I've been in discussions with some people about the possibility of linking other services to OpenGuides. One thing that occurred to me would be the utility of providing a fuzzy node name lookup. Here's a user story:
Users of website X want to be able to associate nodes on OpenGuides site G with items on X. They go to a node lookup service offered by G and type the name of something they are looking for. They are then presented with a list of nodes on G that approximately match their search term.
Specifically, I'm thinking of search results gradiated into exact matches, partial matches and approximate matches, just like the way IMDB does it:
http://uk.imdb.com/find?q=Hideous
I don't know anything about fuzzy matching techniques. Can anyone suggest any pointers?
On Sat 14 May 2005, Earle Martin openguides@downlode.org wrote:
I don't know anything about fuzzy matching techniques. Can anyone suggest any pointers?
See fuzzy_title_match() in CGI::Wiki -
Returns a (possibly empty) hash whose keys are the node names and whose values are the scores in some kind of relevance-scoring system I haven't entirely come up with yet.

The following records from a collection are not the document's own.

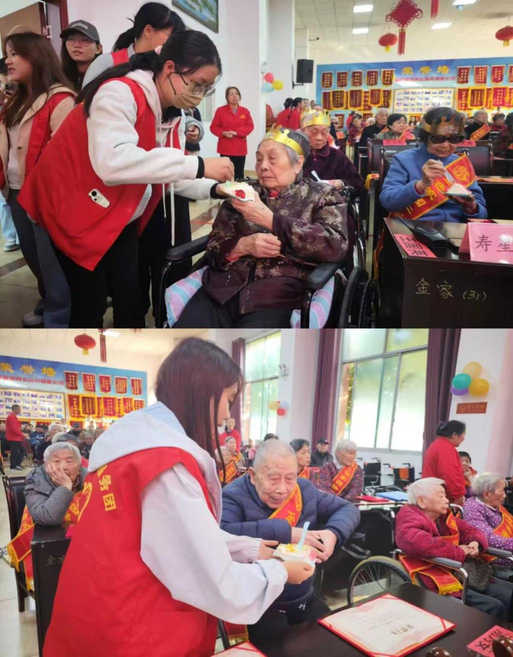 为高龄老人集体过生日环节,志愿者们端上精心准备的节日蛋糕,逐一送到在座的每一位老人手中。分发过程中,同学们不仅细心周到,更俯身与老人们亲切交谈,关心他们的身体状况与日常生活。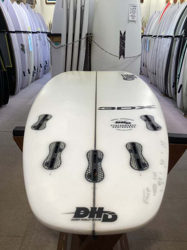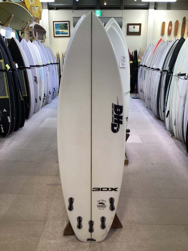 シェーパーのダレンによると、3DXはボーリュームたっぷりのモデルで、コンケーヴは浅めになっている。テール幅を広くして、テールの厚みも残してある。ノーズ幅も広く取ってあるが、フィッシュボード程ではない。アクションの入れづらい小さい波でも、ハイパフォーマンスサーフが出来るようになっている。厚みもボリュームもたっぷりと取ってあり、海の中での楽しさがそれ以上のものになるだろう。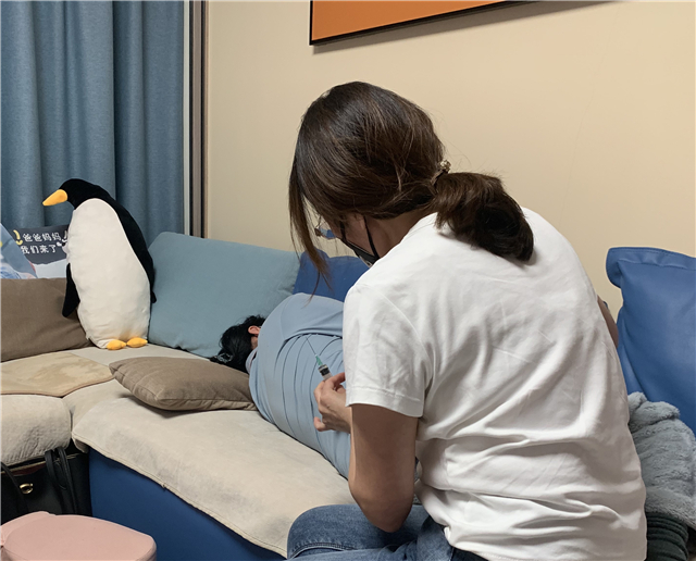 ??????3月14日下午3時(shí),高新區(qū)怡園街道臥龍山社區(qū)居民戚女士將一名“大白”迎進(jìn)家中。“大白”上門,并非為了做核酸采樣,而是為懷孕的戚女士打針。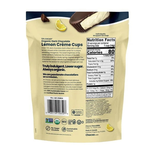 ChocXO Organic Dark Chocolate Lemon Creme Cups, 14.8 Ounce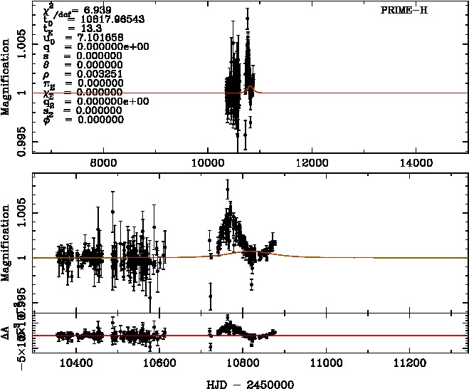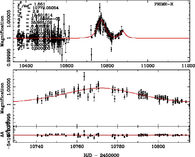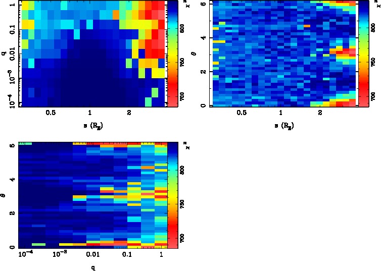 | tE(day) | q | s | α(radian) | ρ | χ² |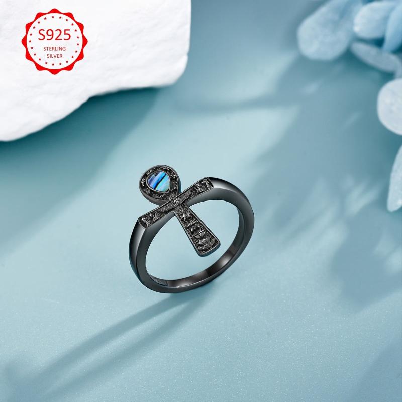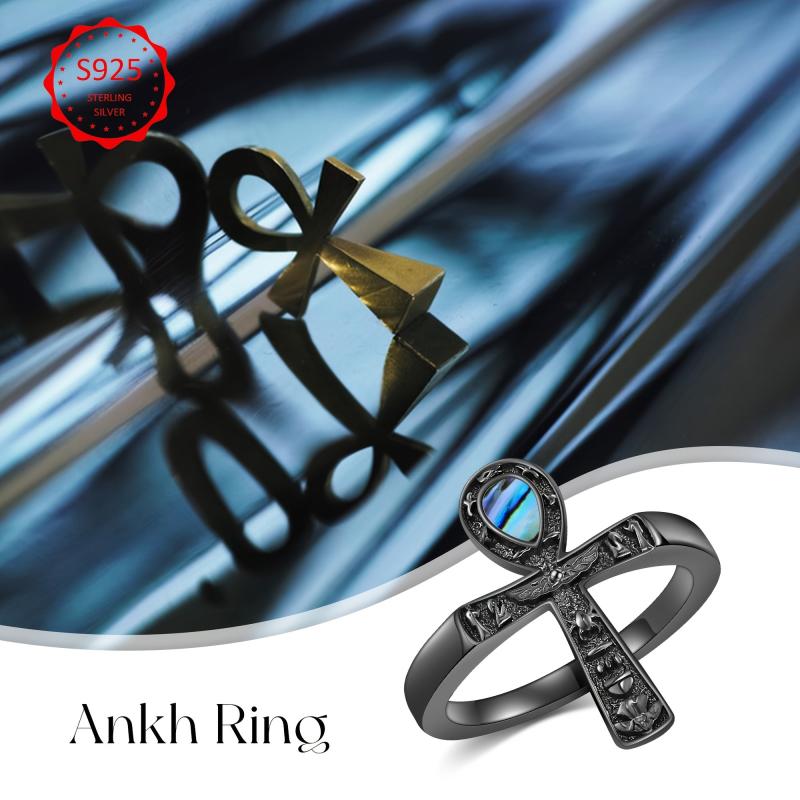 This Ankh ring features the Eye of Horus design with abalone shell, showcasing Egyptian Pagan symbolism. Crafted from high-quality 925 sterling silver, this unique piece is perfect for those who appreciate ancient cultures and spiritual meanings.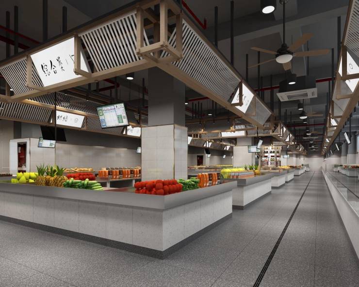 经营业态:包含业态卤菜熟食、水果、水产品、禽蛋、冻品、肉类、豆制品、面食、粮油、美食加工区等。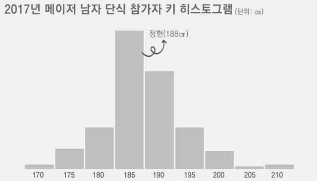 ATP 프로필에 자기 키를 188㎝라고 밝힌 정현은 평균보다 큽니다. 또 지난해 4대 메이저 단식에 참가한 선수 키 분포를 보여주는 히스토그램을 보면 정현이 속한 185~190㎝ 구간에 가장 많은 선수가 속해 있다는 걸 알 수 있습니다.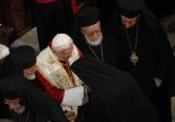 Benoît s’arrête pour chacun d’eux, il es regarde doucement dans les yeux, il serre leurs vieilles mains, il échange avec eux des mots que les chroniques ne recueilleront pas. Ce sont les Patriarches de sièges très anciens, jaloux de leur mémoire de martyre et de gloire, et aussi les Présidents des conférences épiscopales de Turquie et d’Iran, pays où la foi chrétienne représente aujourd’hui à peine le grain de moutarde dont parle la parabole de l’Évangile. Il ne leur remet pas un agenda sur comment être chrétien au Moyen Orient (*) et ne pas mourir en tentant de l’être. Ce n’est pas le plan stratégique d’une entreprise désespérée mais le regard plein d’intelligence et de passion des pasteurs d’un peuple très éprouvé, un regard, une accolade et une invitation pressantes : Restez sur la terre de vos pères, soyez des témoins du crucifié, construisez au côté de vos concitoyens la paix basée sur la justice et le pardon!
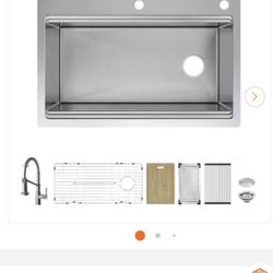 Glacier Bay Dolancourt Tight Radius 33 in. Drop-In Single Bowl 18G Stainless Steel Workstation Kitchen Sink with Spring Neck Faucet$250Phoenix, AZ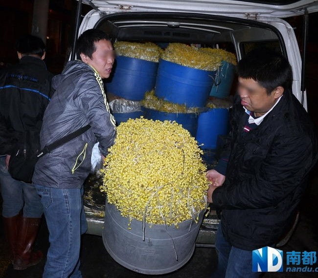 3月5日凌晨5時(shí)24分,海珠金溪農(nóng)貿(mào)市場(chǎng)門前,埋伏一夜的干警截獲一輛滿載上千公斤毒豆芽的面包車。南都記者 馬強(qiáng) 攝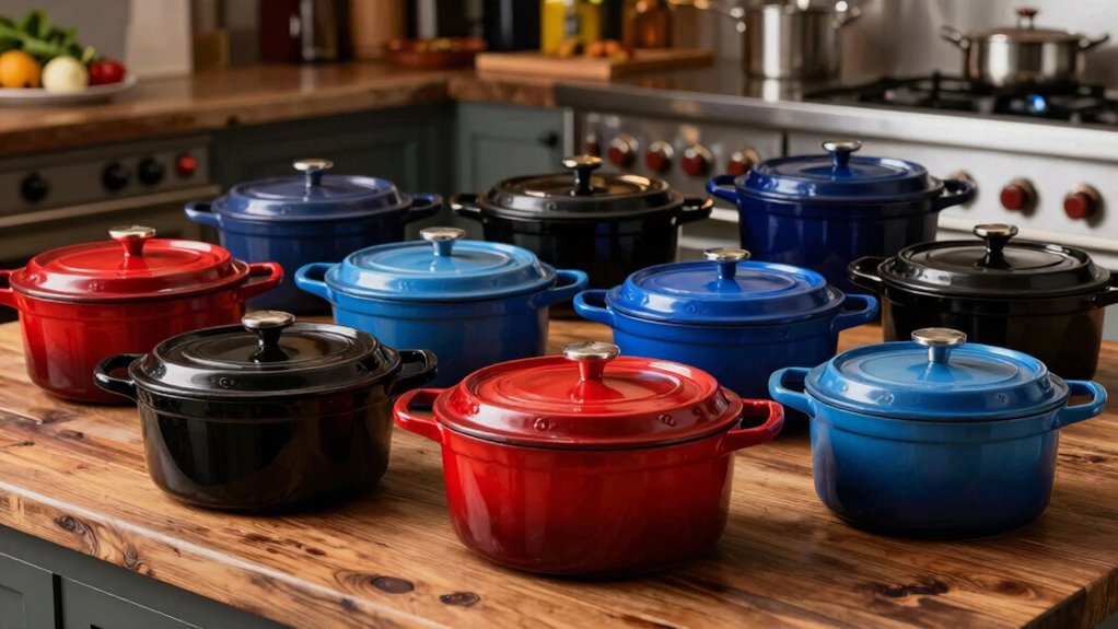 Looking for the 15 best enameled cast iron Dutch ovens for professional chefs in 2026? I’ve researched top models like Lodge, Carote, Umite Chef, and P&P CHEF, which offer durability, even heat, and versatile performance for baking, braising, and roasting. These ovens feature vibrant colors, safety-focused handles, and dishwasher-friendly surfaces, making them perfect for bustling kitchens. Keep exploring, and I’ll guide you through the key features and tips for choosing the right one.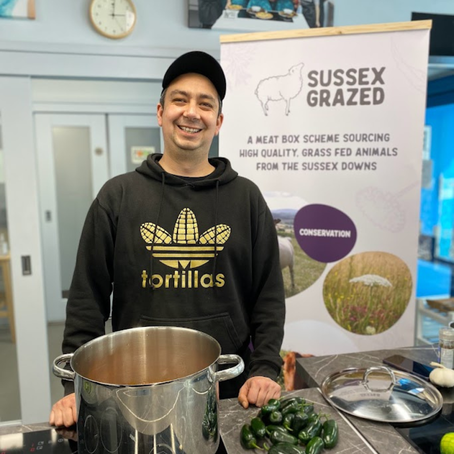 Jethro Carr is a Cookery Leader at our Community Kitchen & runs the pop up cookery school Kitchen Academy. He has a simple and friendly approach to exploring global cuisines and enjoys cooking with recipes that are down-to-earth and fun. He has taught in schools, universities, festivals and events nationwide. Teaching people young and old to cook, he performs cookery demonstrations, master classes, workshops, gastronomic experiments and corporate team-building events. He has run cookery schools with Hay Festival, Kew Gardens, The Olympic Park, Abergavenny Food Festival, PGL Cookery Holidays, BBC and Blenheim Palace.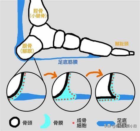 Bien sûr, dans certains cas, comme le fascia plantaire tire constamment sur le périoste de l'os du talon, si la force de traction continue d'être soulevée, le périoste peut être tiré hors de l'espace, où les ostéoblastes se déposent et se transforment ensuite en os, qui se développe lentement en éperons pointus que l'on voit sur les radiographies. (Bien entendu, il s'agit encore d'un système théorique pour la formation des épines osseuses).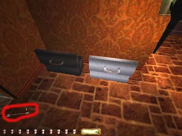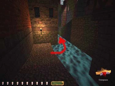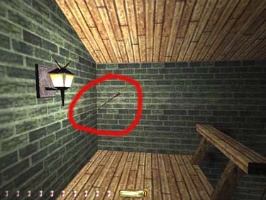 Grab the arrow, but don't switch to another weapon - this only works so long as the arrow is armed (it disappears if you disarm the weapon or change to a different weapon). You can now shoot this arrow into walls, guards, water, etc. and always recover it (figures 11 and 12). Pretty neat, huh?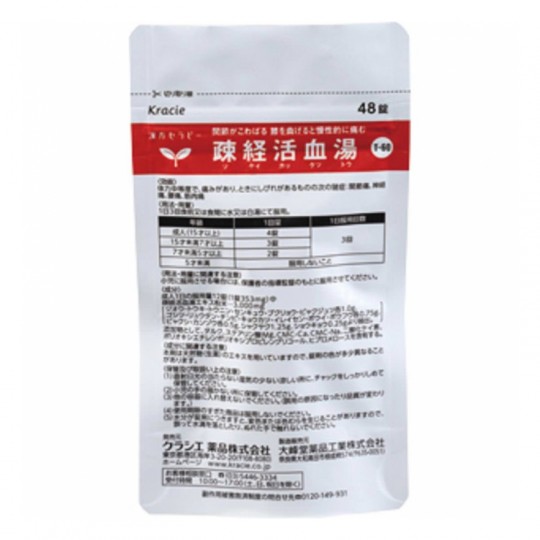 | 성분 | 성분 분량 성인 1 일 복용량 12 정 (1 정 353mg) 중 다음의 성분을 포함하고 있습니다. 疎経活血湯 추출물 분말 ... 3000mg (지황,당귀,본인,천궁,부쿠 료오,뱌쿠 쥬쯔 각 1.0g, 고시쯔,류우탄,찐삐 공갈,이레이센 보위,보우 후우 각 0.75g, 뱌 쿠시 감초 각 0.5g, 작약 1.25g, 쇼오 쿄오 0.25g보다 추출) 첨가제로, 활석, 스테아린산 Mg, CMC - Ca, CMC-Na, 이산화 규소, 폴리 옥시 에틸렌 폴리 옥시 프로필렌 글리콜, 히뿌로 메로스를 함유한다. <성분,분량 고려 본 물질은 천연물 (생약)의 추출물을 이용하고 있기 때문에, 정제의 색상이 다소 다를 수 있습니다. p> 용법 및 용량 다음 달 1 일 3 회 식전 또는 식간에 물 또는 백탕으로 복용. ○ 성인 (15 세 이상) ... 1 회 용량 4 정, 1 일 복용 횟수 3 회 ○ 15 세 미만 7 세 이상 ... 1 회 양 3 정, 1 일 복용 횟수 3 회 ○ 7 세 미만 5 세 이상 ... 1 회 용량 2 정, 1 일 복용 횟수 3 회 ○ 5 세 미만 ... 복용하지 않는 것이 용법 용량 고려 소아에 복용시킬 경우에는 보호자의지도 감독하에 복용시켜주십시오. p> 제형 형상 소 정 p> |

Note that even if an exact match is found, any other similar enough matches will also be returned. However, any exact match is guaranteed to have the highest relevance score.
The matching is done against "canonicalised" forms of the search string and the node titles in the database: stripping vowels, repeated letters and non-word characters, and lowercasing.
supports_fuzzy_searches() will tell you if your search backend can do this. I'm fairly sure that both the ones used by OpenGuides do.
Kake
openguides-dev@lists.openguides.org